[Task requirements] Everything from the first line of the data below through the line that contains "讲座现场,黄金元教授结合自身" should be written out exactly, please, and nothing more; the pictures stay out.

[Dataset excerpt]
+===+
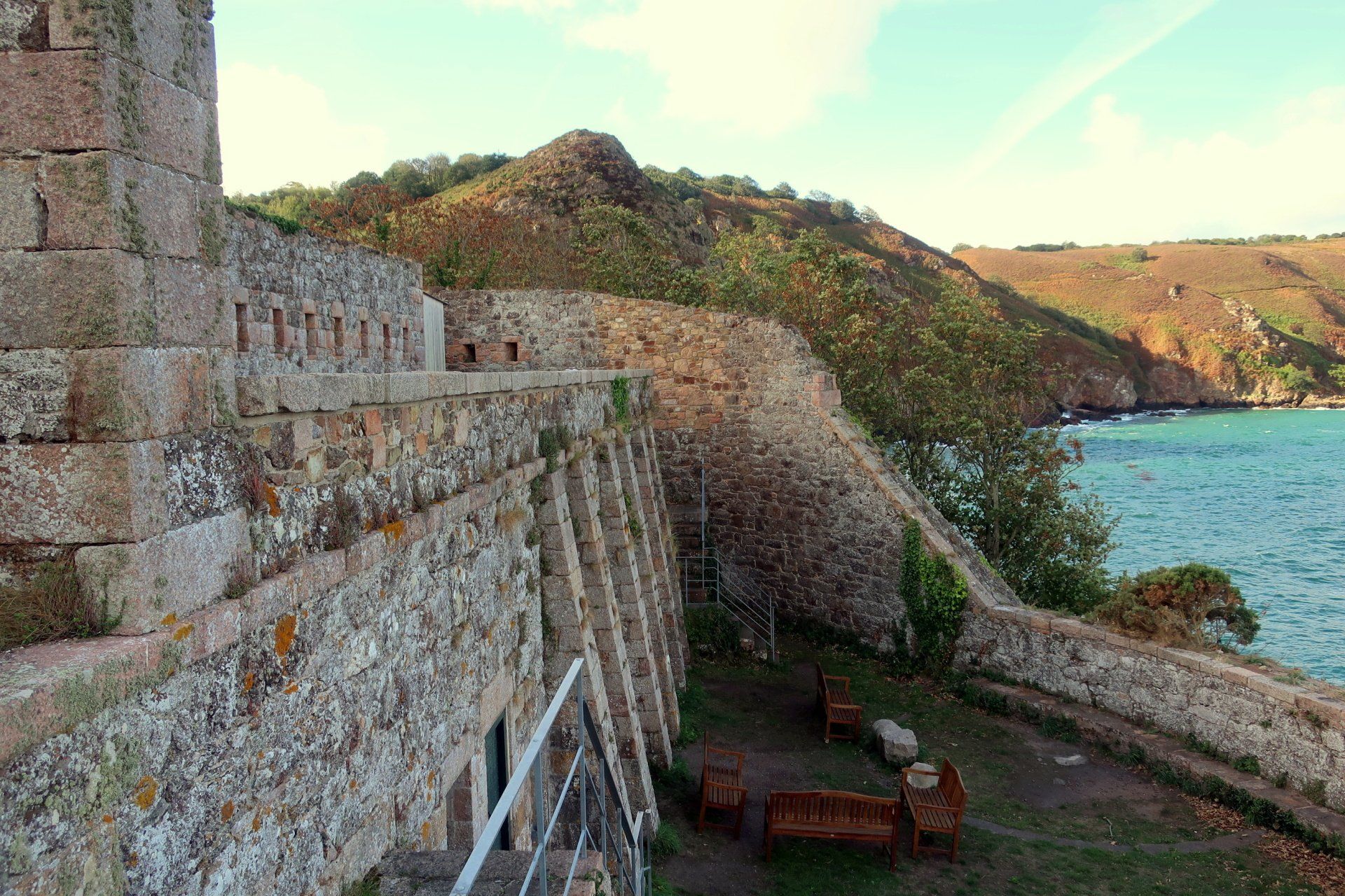 I have a mooch around inside L’Etacquerel Fort, perched on the cliff edge, a short diversion from the main path, this a defensive battery built in the 1830’s, now seemingly used for occasional functions.
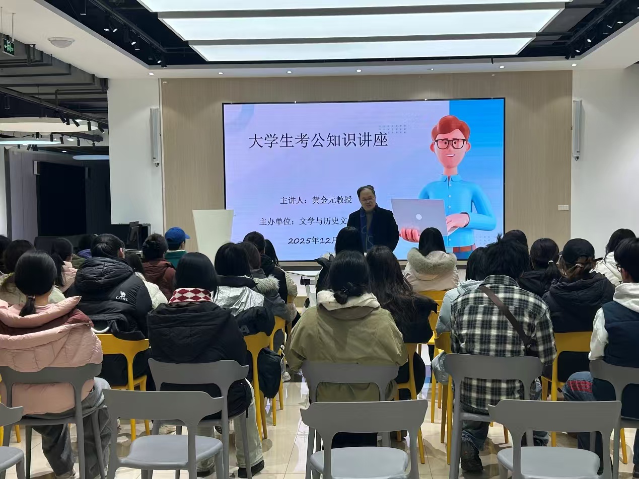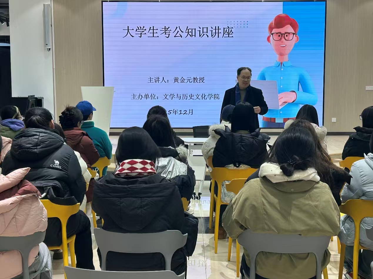 讲座现场,黄金元教授结合自身丰富的教学与研究经验,围绕公务员考试的报考政策、岗位选择、考试科目重难点以及备考规划等核心内容展开详细讲解。针对文学与历史相关专业学生的考公优势与适配岗位,教授进行了精准分析,同时分享了行测答题技巧、申论写作方法等实用备考策略,并结合历年真题案例,生动阐释了考试中的常见误区与应对思路。
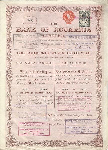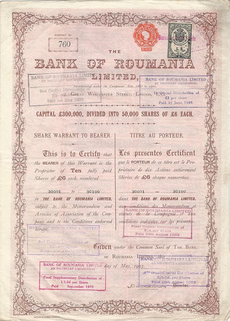 Certificato Azionario - Bank of Roumania n. 760Dimensioni: 39 x 28 cm c.a.Anno 1903Perfetto stato di conservazione generale Share Certificate - Bank of Roumania n. 760Dimensions: 39 x 28 cm c.a.Year 1903Perfect state of general conservation Certificat d'Actions - Bank of Roumania n. 760Dimensions: 39 x 28 cm c.a.Année 1903Parfait état de conservation générale Aktienzertifikat - Bank of Roumania n. 760Abmessungen: 39 x 28 cm c.a.Jahr 1903Perfekter Zustand der allgemeinen Erhaltung
+===+
[Written answer]
 I have a mooch around inside L’Etacquerel Fort, perched on the cliff edge, a short diversion from the main path, this a defensive battery built in the 1830’s, now seemingly used for occasional functions.
 讲座现场,黄金元教授结合自身丰富的教学与研究经验,围绕公务员考试的报考政策、岗位选择、考试科目重难点以及备考规划等核心内容展开详细讲解。针对文学与历史相关专业学生的考公优势与适配岗位,教授进行了精准分析,同时分享了行测答题技巧、申论写作方法等实用备考策略,并结合历年真题案例,生动阐释了考试中的常见误区与应对思路。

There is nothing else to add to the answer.